• **Available data**:
[Start of Attachment]
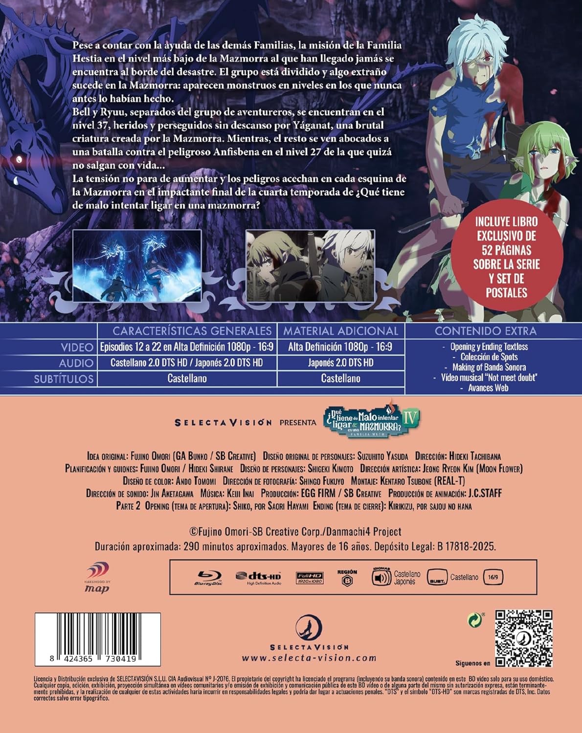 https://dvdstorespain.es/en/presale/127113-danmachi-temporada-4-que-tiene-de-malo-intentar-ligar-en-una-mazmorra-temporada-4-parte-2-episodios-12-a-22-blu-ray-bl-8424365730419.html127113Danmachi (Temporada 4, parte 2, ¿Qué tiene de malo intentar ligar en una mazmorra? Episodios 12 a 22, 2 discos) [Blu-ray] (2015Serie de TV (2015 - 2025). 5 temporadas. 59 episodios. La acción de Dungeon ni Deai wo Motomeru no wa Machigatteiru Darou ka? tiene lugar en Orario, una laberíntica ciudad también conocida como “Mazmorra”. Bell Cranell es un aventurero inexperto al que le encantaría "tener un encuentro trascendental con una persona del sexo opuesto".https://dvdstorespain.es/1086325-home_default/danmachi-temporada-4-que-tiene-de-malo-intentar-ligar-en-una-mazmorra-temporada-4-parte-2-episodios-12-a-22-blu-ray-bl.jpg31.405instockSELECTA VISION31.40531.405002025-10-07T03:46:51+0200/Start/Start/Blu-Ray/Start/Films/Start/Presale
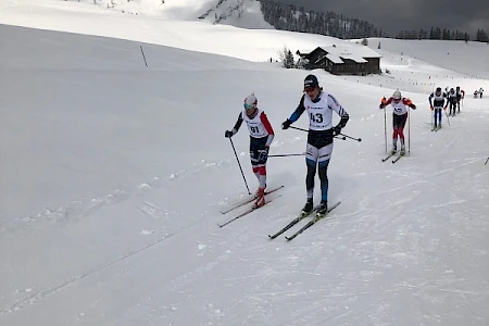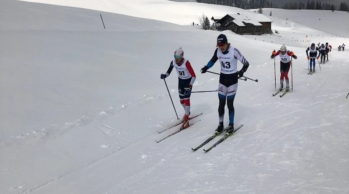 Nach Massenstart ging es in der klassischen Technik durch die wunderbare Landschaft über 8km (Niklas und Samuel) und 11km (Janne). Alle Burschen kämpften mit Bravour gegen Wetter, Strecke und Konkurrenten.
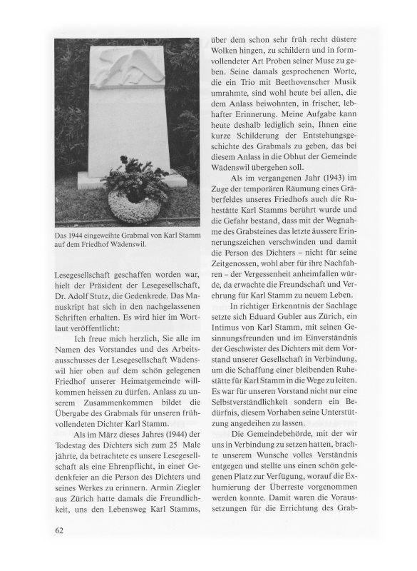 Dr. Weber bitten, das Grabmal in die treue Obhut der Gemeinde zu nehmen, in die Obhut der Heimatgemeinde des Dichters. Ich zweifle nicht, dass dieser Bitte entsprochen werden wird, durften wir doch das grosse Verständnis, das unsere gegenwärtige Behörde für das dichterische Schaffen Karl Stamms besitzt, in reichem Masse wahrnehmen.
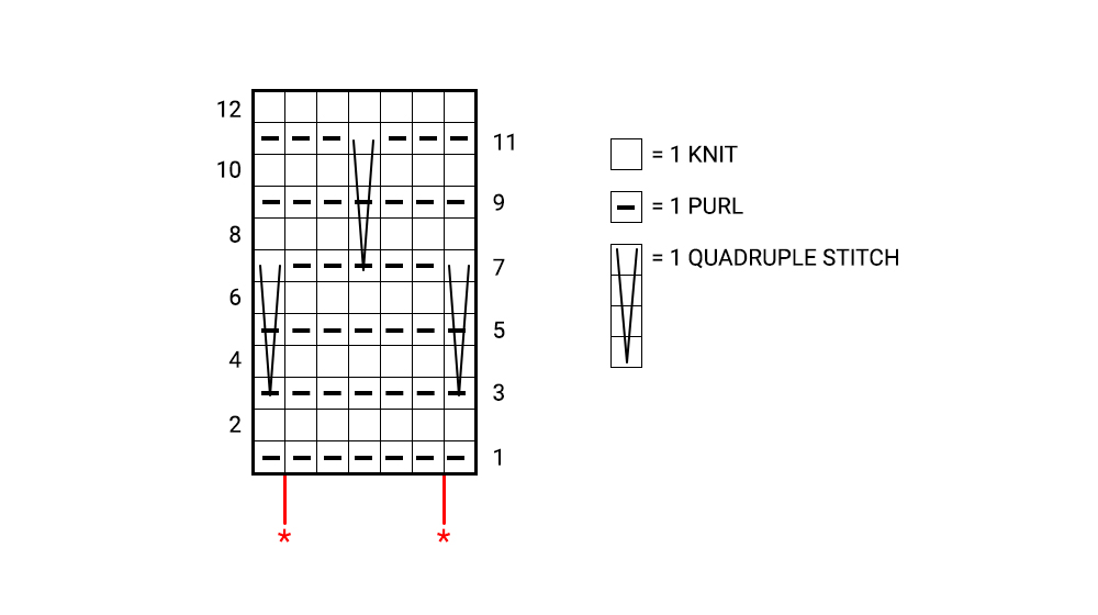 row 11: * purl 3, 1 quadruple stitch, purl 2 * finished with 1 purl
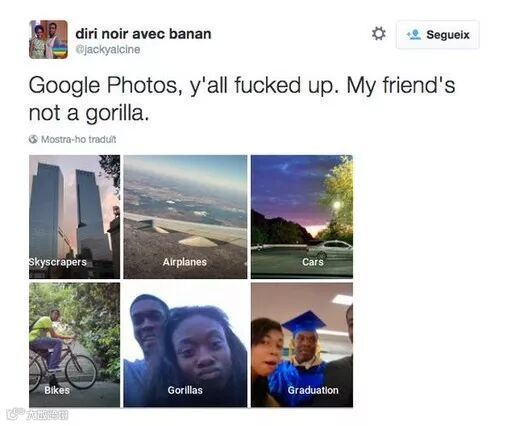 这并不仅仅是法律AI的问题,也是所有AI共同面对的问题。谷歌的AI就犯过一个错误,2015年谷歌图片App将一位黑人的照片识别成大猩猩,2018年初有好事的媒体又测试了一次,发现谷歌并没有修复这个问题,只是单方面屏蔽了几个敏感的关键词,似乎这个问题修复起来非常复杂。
[End of Attachment]
[Start of Attachment]
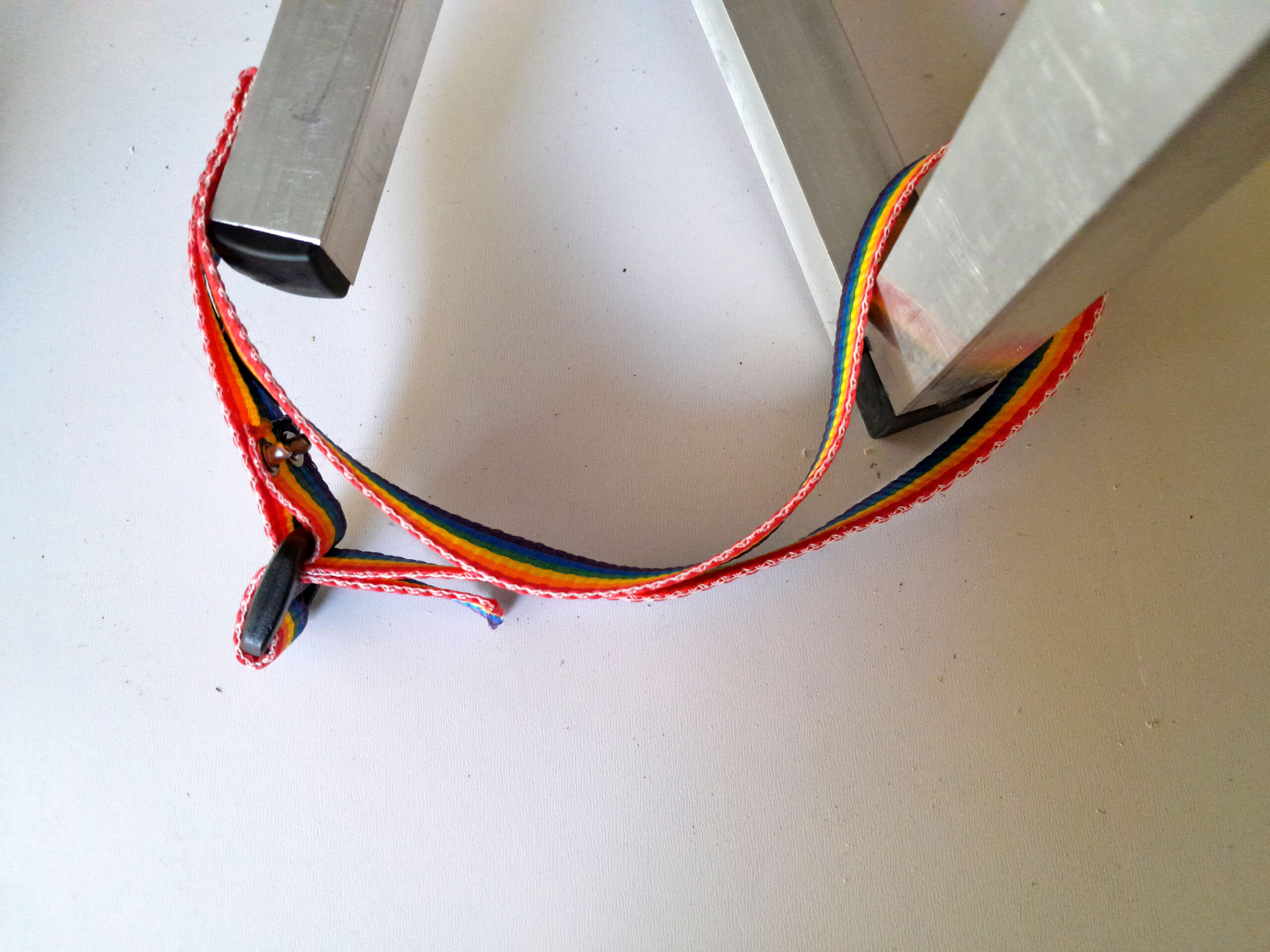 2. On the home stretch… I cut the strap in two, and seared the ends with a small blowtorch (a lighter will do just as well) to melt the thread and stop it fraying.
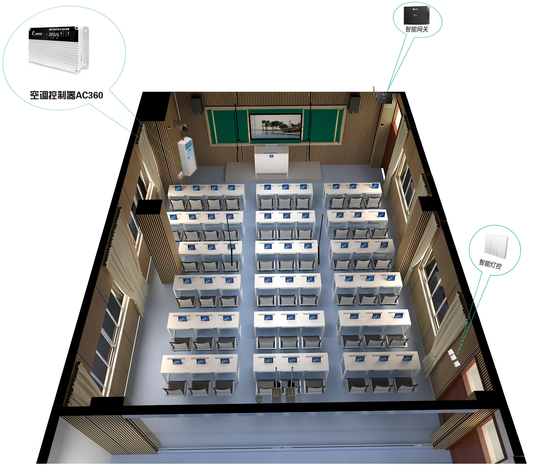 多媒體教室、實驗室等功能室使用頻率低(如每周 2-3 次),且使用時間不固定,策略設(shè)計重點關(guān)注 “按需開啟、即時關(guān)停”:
[End of Attachment]
• **Prompt**: In the data above, retype only the stretch from the line with "2. On the home" through the line with "多媒體教室、實驗室等功能室使用頻率低(如每周 2-3 次),且使用時間不固定,策略設(shè)計重點關(guān)注", word for word, and skip any pictures.

• **Response area**:
 2. On the home stretch… I cut the strap in two, and seared the ends with a small blowtorch (a lighter will do just as well) to melt the thread and stop it fraying.
 多媒體教室、實驗室等功能室使用頻率低(如每周 2-3 次),且使用時間不固定,策略設(shè)計重點關(guān)注 “按需開啟、即時關(guān)停”:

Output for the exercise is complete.